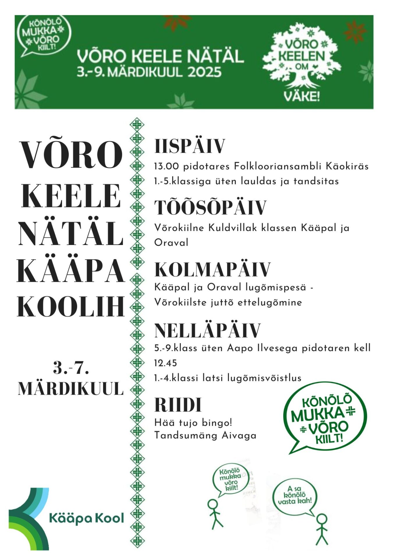 Võro keele nädäli kava printmises A3, A4 ja A5
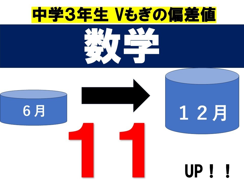 ■12/16(火) 「Vもぎ」の結果!!導育塾【東大和】数学・英語の専門性が高く、一人ひとりに向き合りに向き合う進学塾、導育塾 東大和教室、すばらしい結果です!!、数学のVもぎの結果、「11」UPを実現しました!!、まだ、細かいミスがあるため、まだまだ上がるぞ!!
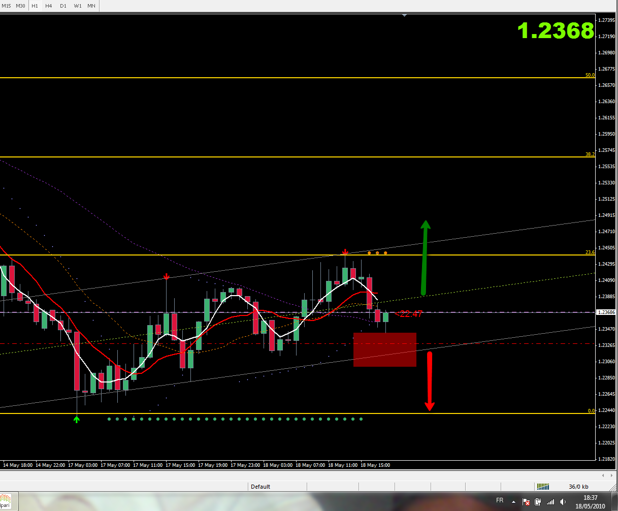 EURUSD Analyse 24/05/2010 en 4h à 7h Paris

* [THE PROBLEM]: Retype the data above exactly. Do not carry over any images.

* [TASK RESPONSE]:
 Võro keele nädäli kava printmises A3, A4 ja A5
 ■12/16(火) 「Vもぎ」の結果!!導育塾【東大和】数学・英語の専門性が高く、一人ひとりに向き合りに向き合う進学塾、導育塾 東大和教室、すばらしい結果です!!、数学のVもぎの結果、「11」UPを実現しました!!、まだ、細かいミスがあるため、まだまだ上がるぞ!!
 EURUSD Analyse 24/05/2010 en 4h à 7h Paris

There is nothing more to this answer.